If you just want to concatenate two PDF files without any reprocessing of its content, pdftk
is for you. (On Mac OS X this should be available via MacPorts or Fink, for Linux, there are native packages for all major distributions; for Windows, look here.) Try this:
pdftk title.pdf content.pdf cat output book.pdf
This will prepend the title.pdf to the content.pdf and write the result into book.pdf.
pdftk
is a "dumb", but very fast way to concatenate two (or more) PDF files. "Dumb" in so far, as pdftk
does not in any way interpret the PDF data stream, it just makes sure that the internal object numbers are re-reshuffled as needed and appear in the PDF xref
structure (which basically is a sort of PDF ToC for objects).
Ghostscript:
If you want to use Ghostscript, the basic command to concatenate the same two files would be:
gs \
-o book.pdf \
-sDEVICE=pdfwrite \
title.pdf \
content.pdf
However, as you experienced, this simple command line may mess up your image quality.
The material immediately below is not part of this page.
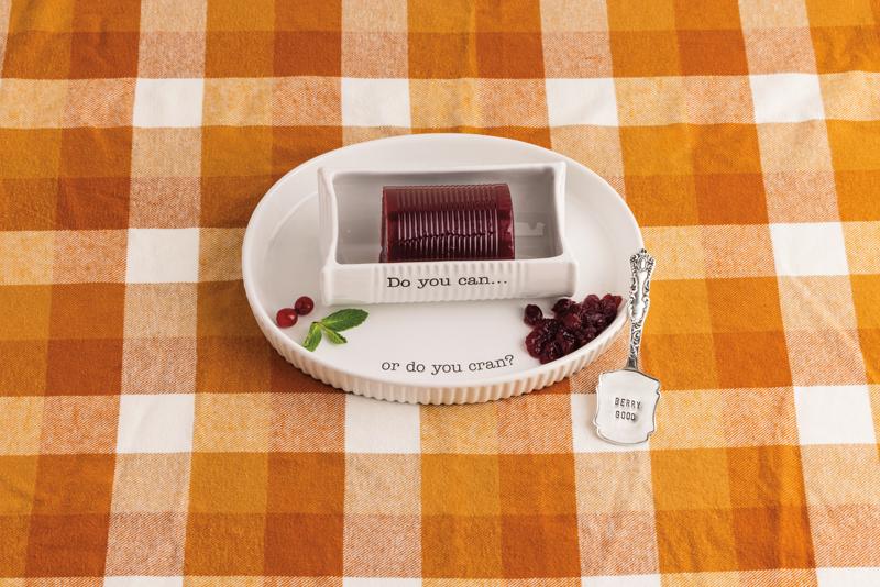• Ceramic dish with wells for homemade and canned cranberry sauce

The reason is that Ghostscript is not 'dump' when it processes PDFs: it completely interpretes them when reading in, and creates a completely new file when writing out the result. For creating the result, it will automatically be using default settings for a lot of details in the overall processing. These defaults will apply for all cases where its invocations had not instructed Ghostscript otherwise.
So Ghostscript's method to create the new book.pdf is much more "intelligent" (but also much slower) than pdftk
's method. (This is also the reason why Ghostscript in many cases is able to --within limits-- "repair" b0rken PDF files, or to embed fonts into the output PDFs which are not embedded in input PDFs, or to remove duplicate images, replacing them by mere references, etc. -- and overall created smaller, better optimized files from bloated input PDFs...)
The solution is to not let Ghostscript use its defaults: by adding more custom parameters to the command line.
What does it mean "Ghostscript 'interprets' its PDF input"?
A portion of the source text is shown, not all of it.